Trump’s against-all-odds election and the tumultuous four years that followed struck the far left like a nuclear sneak attack. This was war. Integrity was abandoned, fairness mocked, and fury at and loathing of conservatives and Christians reached critical mass.
And then came the coronavirus pandemic and lockdowns. The left took to heart Rahm Emanuel’s infamous axiom (“Never let a serious crisis go to waste”) and seized upon this tragic circumstance to consolidate their monopolies in news, mass media, social media, and entertainment to tilt the 2020 presidential election and attempt to shut out, indeed to “cancel,” all opposing voices in the culture.
So today in Hollywood, and indeed for the past four years, money is no longer the answer to all your questions. It’s a factor, to be sure, but runs a distant second to ideology.
Case in point: our last movie, “Unplanned,” which was released in 2019. The true account of Abby Johnson’s conversion from dedicated Planned Parenthood clinic director to superstar advocate for the unborn is a movie we’d wanted to make for years. Finally, we were able to scrape together a $6 million budget and assembled a cast and crew willing to sacrifice personally and professionally to tell this compelling and moving story.
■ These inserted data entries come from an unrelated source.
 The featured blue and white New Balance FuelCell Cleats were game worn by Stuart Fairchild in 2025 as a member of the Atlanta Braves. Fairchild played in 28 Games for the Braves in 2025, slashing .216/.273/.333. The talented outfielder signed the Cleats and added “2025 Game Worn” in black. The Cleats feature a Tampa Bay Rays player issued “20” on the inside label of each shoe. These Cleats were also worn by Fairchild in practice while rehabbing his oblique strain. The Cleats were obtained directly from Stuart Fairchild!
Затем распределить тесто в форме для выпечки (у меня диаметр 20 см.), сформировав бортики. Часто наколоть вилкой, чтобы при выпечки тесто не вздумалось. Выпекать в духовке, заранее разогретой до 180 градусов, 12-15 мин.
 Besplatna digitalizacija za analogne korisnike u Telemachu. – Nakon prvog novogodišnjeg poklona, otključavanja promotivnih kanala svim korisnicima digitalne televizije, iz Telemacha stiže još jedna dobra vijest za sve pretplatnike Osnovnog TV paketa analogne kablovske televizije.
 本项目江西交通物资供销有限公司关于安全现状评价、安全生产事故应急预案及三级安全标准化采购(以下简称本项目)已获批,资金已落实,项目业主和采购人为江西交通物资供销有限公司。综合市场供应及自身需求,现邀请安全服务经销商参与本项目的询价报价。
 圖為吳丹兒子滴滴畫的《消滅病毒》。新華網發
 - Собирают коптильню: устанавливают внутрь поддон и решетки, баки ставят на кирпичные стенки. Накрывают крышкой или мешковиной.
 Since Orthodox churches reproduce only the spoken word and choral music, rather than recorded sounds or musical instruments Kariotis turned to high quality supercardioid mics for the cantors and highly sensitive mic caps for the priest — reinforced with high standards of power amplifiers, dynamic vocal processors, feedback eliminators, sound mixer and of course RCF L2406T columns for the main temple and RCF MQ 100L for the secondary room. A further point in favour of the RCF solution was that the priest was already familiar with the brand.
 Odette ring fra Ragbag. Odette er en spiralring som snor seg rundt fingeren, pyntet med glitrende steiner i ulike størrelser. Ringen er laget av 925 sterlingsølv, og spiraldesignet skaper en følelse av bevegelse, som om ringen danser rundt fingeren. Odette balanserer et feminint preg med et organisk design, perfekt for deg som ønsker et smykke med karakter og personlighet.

“Unplanned” wasn’t a simple Christian film about faith; the left doesn’t seem to care how many of those get made because they essentially just preach to the choir. Johnson’s story, on the other hand, ripped the surgical mask off the left’s most sacred sacrament: abortion. But they didn’t try to stop our movie with organized demonstrations, or endless fulminations on talk shows, as they did with “The Passion of the Christ” in 2004. Social media didn’t really exist back then and neither did smartphones, and their efforts to stop Mel Gibson’s masterpiece only helped it to gross more than $600 million worldwide. To this day, it remains America’s highest-grossing “R” rated film ever (with $370 million of domestic theatrical box office).
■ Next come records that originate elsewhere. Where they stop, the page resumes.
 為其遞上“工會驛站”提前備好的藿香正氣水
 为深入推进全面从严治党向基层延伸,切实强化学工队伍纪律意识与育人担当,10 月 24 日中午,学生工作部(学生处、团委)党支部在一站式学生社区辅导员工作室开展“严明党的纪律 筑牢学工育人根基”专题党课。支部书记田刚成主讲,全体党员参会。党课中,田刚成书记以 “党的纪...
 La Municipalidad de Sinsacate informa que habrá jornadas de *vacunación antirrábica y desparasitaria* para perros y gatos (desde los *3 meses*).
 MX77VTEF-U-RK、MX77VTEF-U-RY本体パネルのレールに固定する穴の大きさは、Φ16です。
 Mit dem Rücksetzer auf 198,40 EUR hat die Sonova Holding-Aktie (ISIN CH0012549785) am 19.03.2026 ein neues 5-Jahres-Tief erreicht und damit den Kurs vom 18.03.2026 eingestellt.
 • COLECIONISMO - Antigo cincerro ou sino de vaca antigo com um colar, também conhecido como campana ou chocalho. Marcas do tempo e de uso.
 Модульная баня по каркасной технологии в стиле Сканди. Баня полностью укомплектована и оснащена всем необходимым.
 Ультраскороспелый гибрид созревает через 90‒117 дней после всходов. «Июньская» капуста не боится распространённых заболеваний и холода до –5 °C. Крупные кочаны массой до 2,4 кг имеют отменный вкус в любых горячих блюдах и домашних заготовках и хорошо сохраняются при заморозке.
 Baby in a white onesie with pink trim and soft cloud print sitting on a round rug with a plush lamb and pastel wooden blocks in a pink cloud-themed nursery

But today the method is both insidiously invisible and technologically sophisticated: refuse to mention anything on the surface and in the media—pretending the film doesn’t exist—while simultaneously blocking feeds, manipulating search results, flagging or suspending accounts, using bots to skew viral negativity, and intimidating print and electronic media to not carry advertising.
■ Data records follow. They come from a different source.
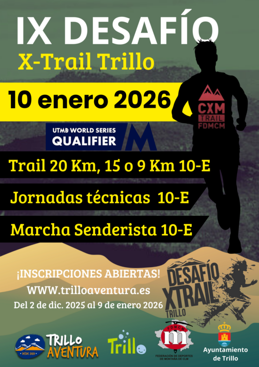 Otro año más, Desafío X-Trail Trillo será Evento UTMB WORLD SERIES y recibirán puntos UTMB todos los corredores que acaben el Trail de 20 Km y también es prueba oficial de carreras por montaña 2026 FDMCM
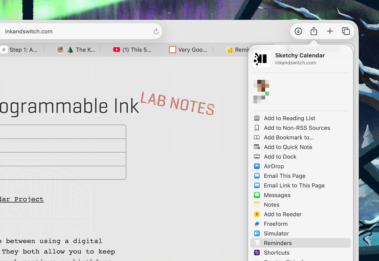 To make this process work, I collect articles and apps in Reminders as I browse the internet by using the browser's Share option to share a link to the web page with the Reminders app:
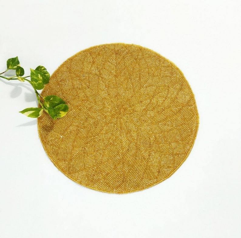 Handmade Embroidery Unique Design Seed Bead Eco-Friendly Luxury Wedding Table Placemats Different Designs Colors Portable
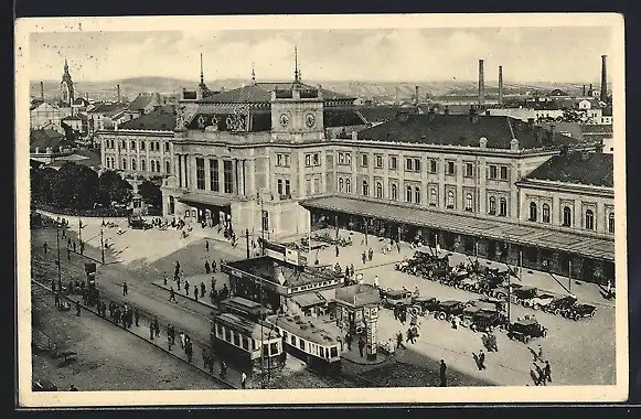 AK Brünn / Brno, Nádrazi, Bahnhof, Strassenbahn
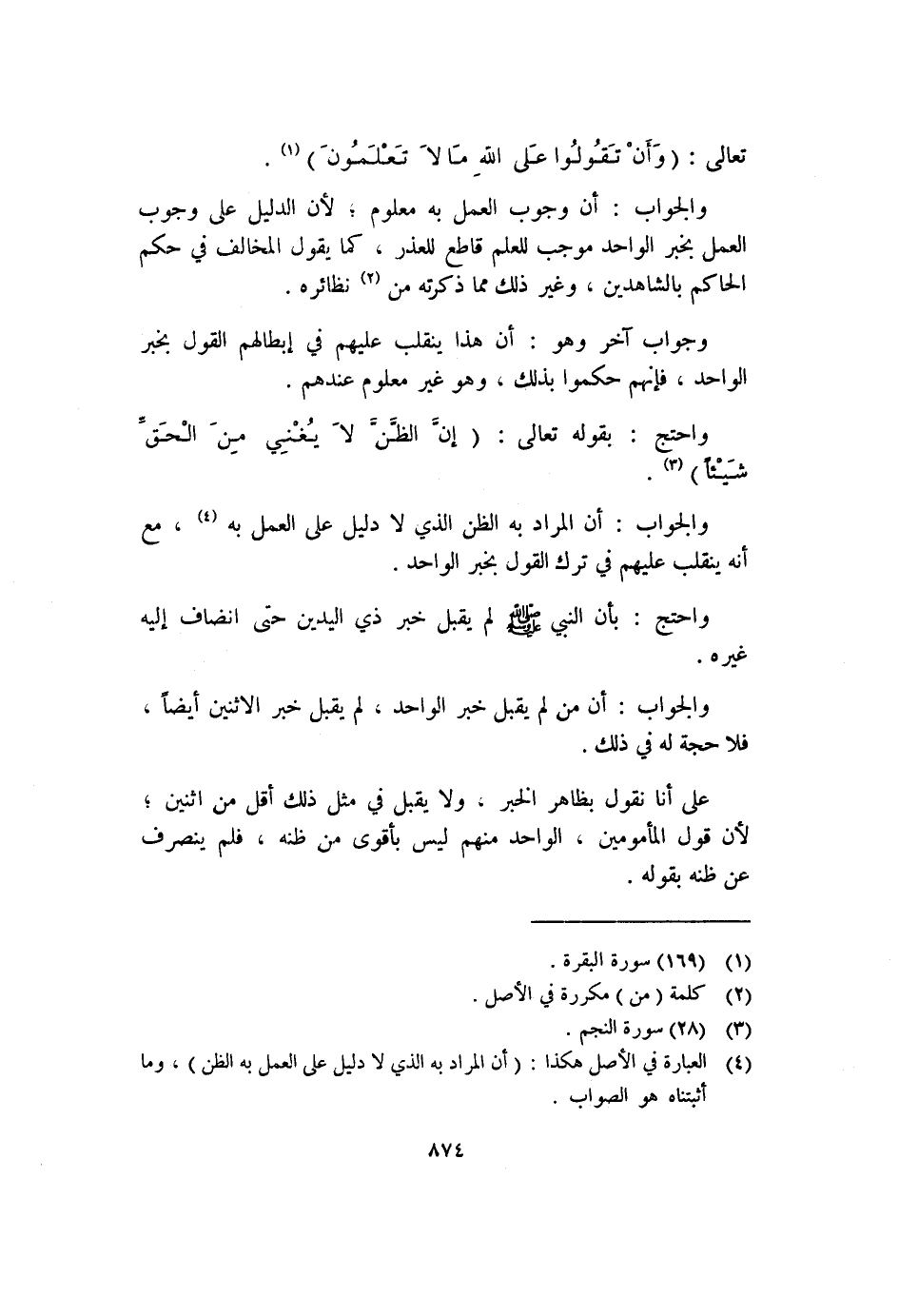 والجواب: أن وجوب العمل به معلوم؛ لأن الدليل على وجوب العمل بخبر الواحد موجب للعلم قاطع للعذر، كما يقول المخالف في حكم الحاكم بالشاهدين، وغير ذلك مما ذكرته من (٢) نظائره.
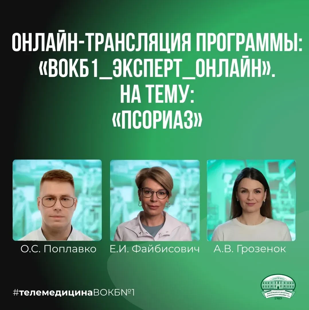 ➡️18 февраля в 16:00 по Московскому времени приглашаем Вас присоединиться к прямой трансляции программы «ВОКБ1_ЭКСПЕРТ_ОНЛАЙН» из Регионального телемедицинского центра ВОКБ №1 на тему «Псориаз».

Despite the suppression by cable outlets and social media, “Unplanned” still managed to gross more than $20 million; it could have done far better with a level playing field. And after the film’s theatrical run, Netflix refused to take it onto their platform. Amazon Prime gave it a shot—as long as we swallowed the minuscule compensation of one penny per full hour of viewing—where it racked up more than 1 million streams in the first 90 days.
But in case you think we’re crying in our beer over all this, think again. Just step back far enough from what’s happening and you can actually see the good news. The fact is, if the left were sure of their ideas prevailing in the public square, they wouldn’t need to use their overwhelming power to silence conservative and Christian voices. But they know full well that their ideals and goals, when actually explained and exposed, are horrifying to any American with a conscience and a belief in the essential goodness of their country.
And that reality keeps us motivated—every day, every hour. We and others in Hollywood, in the news media, and in social media continue to fight the good fight, believing in God’s plan for humanity, doing our part to bring light and truth through to our fellow man via the power of film. We hope to talk more about this and related issues in future columns.
But for now, we’ll leave you with something Abraham Lincoln said during the Civil War. When asked if God was on his side, the president replied: “Sir, my concern is not whether God is on our side. My greatest concern is to be on God’s side, for God is always right.”